Tag: M.W:200-300

With the rapid development and complex challenges of chemical substances, new drug synthesis pathways are usually the most effective.19099-93-5,1-Cbz-Piperidin-4-one,as a common compound, the synthetic route is as follows.

Benzyl 4-oxopiperidine-l-carboxylate (5g, 21 mmol) in THF (50 ml) was cooled to 0C. Sodium hydride (1.1 g, 43 mmol), then iodomethane (3.0 ml, 47 mmol) was added slowly. Mixture was stirred at 0C for 2 hours, then slowly warm up to room temperature and stirred overnight. Saturated aq. NH4C1 solution was added and the product was extracted with EtOAc. The extract was washed with brine, dried over anhydrous sodium sulfate, and concentrated. The crude product thus obtained was purified by column chromatography on a 100 gram-size silica gel column, eluting with gradient EtOAc/hexane to afford the titled product as colorless oil.

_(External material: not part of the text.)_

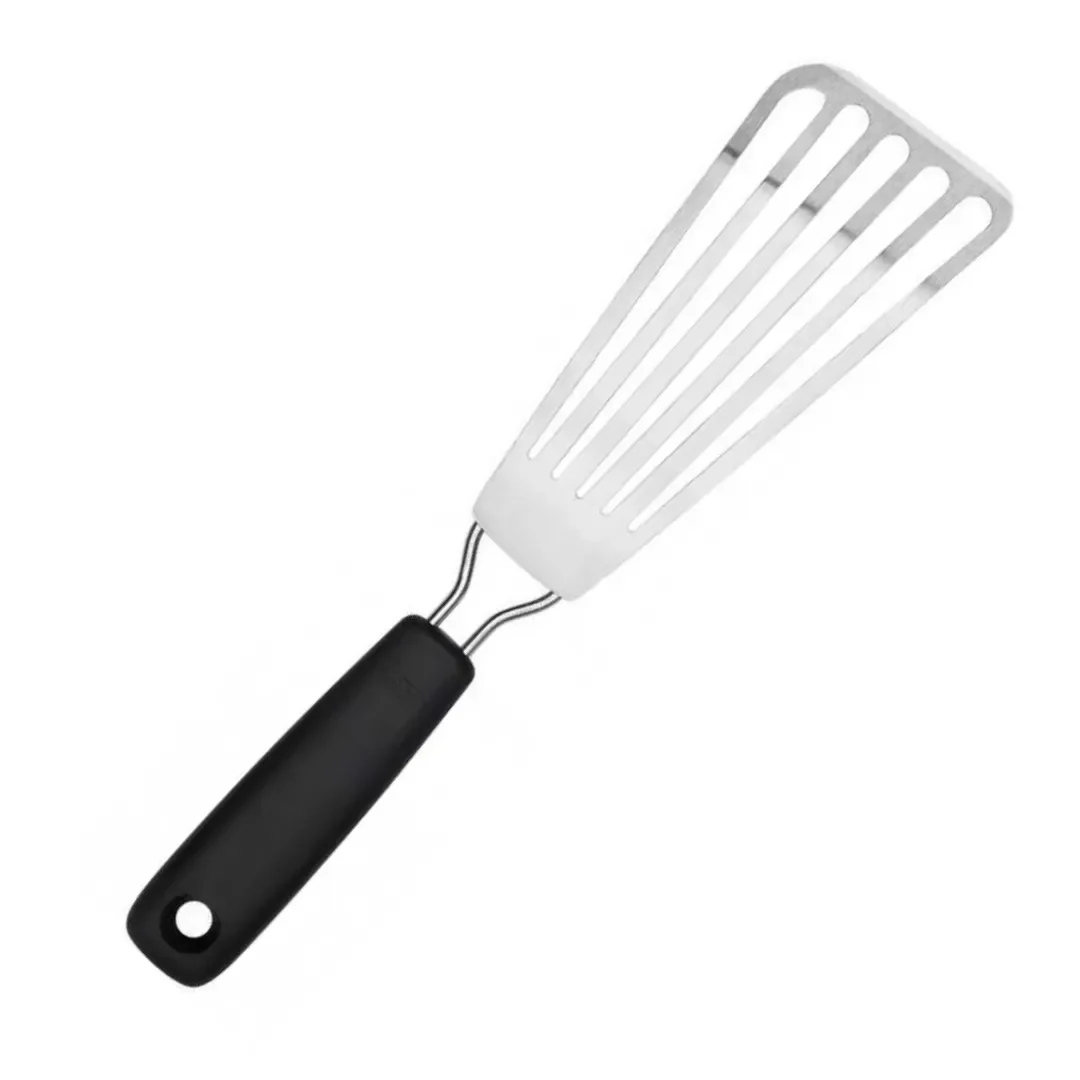 Een visspatel is een platte, vaak iets gebogen keukentool met een flexibele kop en lange sleuven. Deze gleuven zorgen ervoor dat overtollig vet of vloeistof wegloopt terwijl je de vis omdraait. Het materiaal is meestal van kunststof, siliconen of RVS. De vorm van een visspatel is perfect afgestemd op het oppakken en draaien van kwetsbare producten zoals visfilets.

19099-93-5, The synthetic route of 19099-93-5 has been constantly updated, and we look forward to future research findings.

Reference：
Patent; MERCK SHARP & DOHME CORP.; ALI, Amjad; LO, Michael Man-Chu; LIM, Yeon-Hee; STAMFORD, Andrew; KUANG, Rongze; TEMPEST, Paul; YU, Younong; HUANG, Xianhai; HENDERSON, Timothy J.; KIM, Jae-Hun; BOYCE, Christopher; TING, Pauline; ZHENG, Junying; METZGER, Edward; ZORN, Nicolas; XIAO, Dong; GALLO, Gioconda V.; WON, Walter; WU, Heping; WO2014/101373; (2014); A1;,
Piperidine – Wikipedia
Piperidine | C5H11N – PubChem

With the rapid development and complex challenges of chemical substances, new drug synthesis pathways are usually the most effective.140645-24-5,(S)-3-(Aminomethyl)-1-N-Boc-piperidine,as a common compound, the synthetic route is as follows.

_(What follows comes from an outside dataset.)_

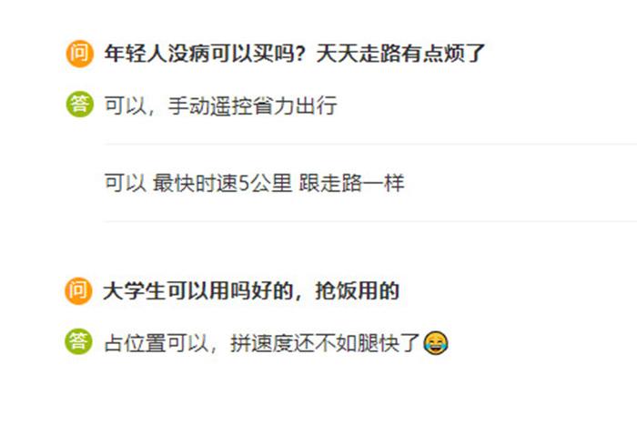 中新財經(jīng)注意到,在電商平臺上電動輪椅的問答區(qū),不少消費(fèi)者都對電動輪椅展現(xiàn)出了濃厚的興趣,“年輕人沒病可以買嗎?天天走路有點(diǎn)煩了?!薄按髮W(xué)生可以用嗎?”“食堂搶飯用!神器。”“年輕人也可以用,省力出行?!?/p>

To the solution of 5-bromothiazole-2-carboxylic acid (scheme 8-33 compound S1, 458 mg, 2.2mmol) and tert-butyl (S)-3-(aminomethyl)piperidine-1-carboxylate (scheme 8-33 compound S2, 429 mg, 2.0mmol) in DCM (15.0 mL) at 0 C, HATU (912 mg, 2.4mmol) was added, followed by addition of DIEA (3.6mmol). The mixture was stirred for 1 h. The volatiles were evaporated under reduced pressure. The residue was diluted with ethyl acetate (60mL) and washed with saturated NaHCO3, water and brine. The organic solution was dried over MgSO4. The solution was filtered and the filtrate was concentrated. The remaining material was purified to afford 513 mg of title product. LC (method A): tR = 2.30 min. LC/MS (EI) m/z: [M + H]+ 404.06, 406.09.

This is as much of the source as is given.